Quick start
Start the daemon, build a ManagedClient, read a value — five minutes from install to a request that survives PHP-FPM.
This page wires the smallest end-to-end integration: daemon up, client connects to an OPC UA server through the daemon, reads one value, exits. Subsequent runs reuse the same session — that is the whole point.
1 — Start the daemon
vendor/bin/opcua-session-manager
Leave it running in the foreground for now. In production you wrap it in systemd — see Daemon · Running as a service.
2 — Connect and read
<?php
require __DIR__ . '/vendor/autoload.php';
use PhpOpcua\SessionManager\Client\ManagedClient;
use PhpOpcua\Client\Types\NodeId;
use PhpOpcua\Client\Types\StatusCode;
$client = new ManagedClient(
socketPath: '/tmp/opcua-session-manager.sock',
timeout: 30.0,
);
$client->connect('opc.tcp://localhost:4840');
$dv = $client->read(NodeId::numeric(0, 2261)); // ProductName
if (StatusCode::isGood($dv->statusCode)) {
echo "Connected to: " . $dv->getValue() . "\n";
}
$client->disconnect();
Run it twice.

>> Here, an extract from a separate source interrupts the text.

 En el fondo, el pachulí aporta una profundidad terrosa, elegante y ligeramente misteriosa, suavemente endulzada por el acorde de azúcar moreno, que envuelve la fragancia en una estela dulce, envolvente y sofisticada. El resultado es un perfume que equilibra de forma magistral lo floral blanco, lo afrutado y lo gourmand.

The first run pays the OPC UA handshake cost; the second run reuses the same daemon-held session and the read is ~10× faster.
3 — Verify the reuse
$client->connect('opc.tcp://localhost:4840');
if ($client->wasSessionReused()) {
echo "Reusing existing session — no handshake.\n";
} else {
echo "Fresh session — first connect from this configuration.\n";
}
wasSessionReused() is the ManagedClient-specific accessor that
tells you whether the last connect() matched an existing session
keyed by the same (endpointUrl, sanitized config) pair. See
ManagedClient · Session reuse.
4 — What disconnect does (and does not)
$client->disconnect();
ManagedClient::disconnect() sends a close IPC command to the
daemon. The daemon performs CloseSession against the OPC UA
server and removes the entry from its session store. The
daemon-side session is gone when disconnect() returns; the
next connect() with the same config pays the OPC UA handshake
again.
To keep the daemon session alive across multiple requests so the
reuse machinery can do its job, do not call disconnect()
between requests — keep the ManagedClient instance alive
(singleton bind in Laravel, long-running worker) and let the
daemon's inactivity timeout (--timeout, default 600 s)
reclaim idle sessions when nothing references them.
To bypass reuse on a particular connect call (force a fresh session even if one matches):
$client->connectForceNew('opc.tcp://localhost:4840');
connectForceNew() is the escape hatch for session isolation
(per-test scenarios, manual session resets). See
ManagedClient · Opening and closing.
5 — Where to go next
The ManagedClient reads, writes, browses, subscribes — every
method on OpcUaClientInterface works. For the operation pages
themselves (read, browse, subscribe, …), the documentation
lives in opcua-client:
opcua-client/doc/04-reading-writing.mdopcua-client/doc/03-browsing.mdopcua-client/doc/06-subscriptions.md
In this documentation the focus is on what changes when you go through the daemon:
- Why a session manager — the mental model.
- ManagedClient · Overview — what the wrapper does and what it does not.
- ManagedClient · Differences from the direct client — side-by-side comparison.
Tip
For a quick smoke-test of the daemon without any PHP, use
netcat to send a ping
command directly to the socket. It is the fastest way to confirm the
daemon is alive and accepting requests.